Everything from yesterday’s workshop is rattling around in my head. How do I put it all into practice? What’s going to be most useful?
Got downstairs & realized I’d locked myself out of my room. Got to the coffeeshop, started checking my email, and realized I don’t think I have my badge. So I need to get back to the hotel room before breakfast & get all that taken care of. Good times.
All the mochas I’ve had here have been too hot. Not sure what’s up with that.
I want to find a yarn store while I’m here, but between time, distance, and weather, I’m not sure that’s going to happen. I’m not going to run out of yarn, though, I’m pretty sure of that. I’m working on a sweater vest for C, which turns out to be a fantastic project for doing while listening & taking notes. Vests for everyone! (Although actually after this I’ll probably start on more socks.)
Went out to dinner last night with two total strangers, and had a great time. (Slogan of the evening: thanks for the guac, Hallmark!) It was fun to get out, to talk about professional stuff with new people. It’s funny, in this crowd I feel more like a techie, more like a programmer, whereas in almost any other tech event, I feel like only a semi-programmer, if that makes any sense. It’s all relative?

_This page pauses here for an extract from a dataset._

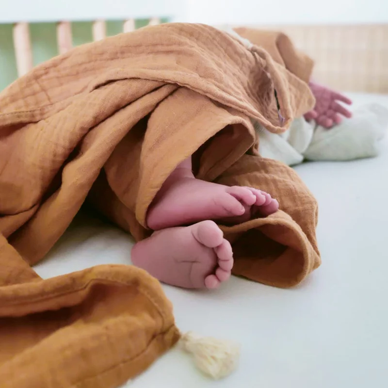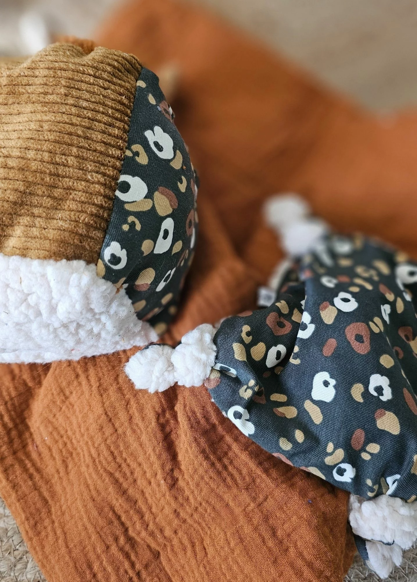 Coffret cadeau bébé doudou, lange et cube d’éveil Camel

Or at least it’s all imposter syndrome. (I also have related thoughts about gender and the difference between Confab & other conferences I’ve been to, but I’m not ready to articulate them yet.) But at the same time as all that, I’m feeling REALLY good about how our team is doing at work. Not that we don’t have lots still to learn & do, but we’re in a good place and doing great stuff. I’m also more convinced than ever that an iterative design/development/content approach is the right thing, that big ta-da style relaunches are more trouble than they’re worth. I know it can’t last forever, but right now things are good.
And after spending the last day explaining Evergreen in person to a bunch of people, I feel even more strongly about what the college does and is, and how special it is.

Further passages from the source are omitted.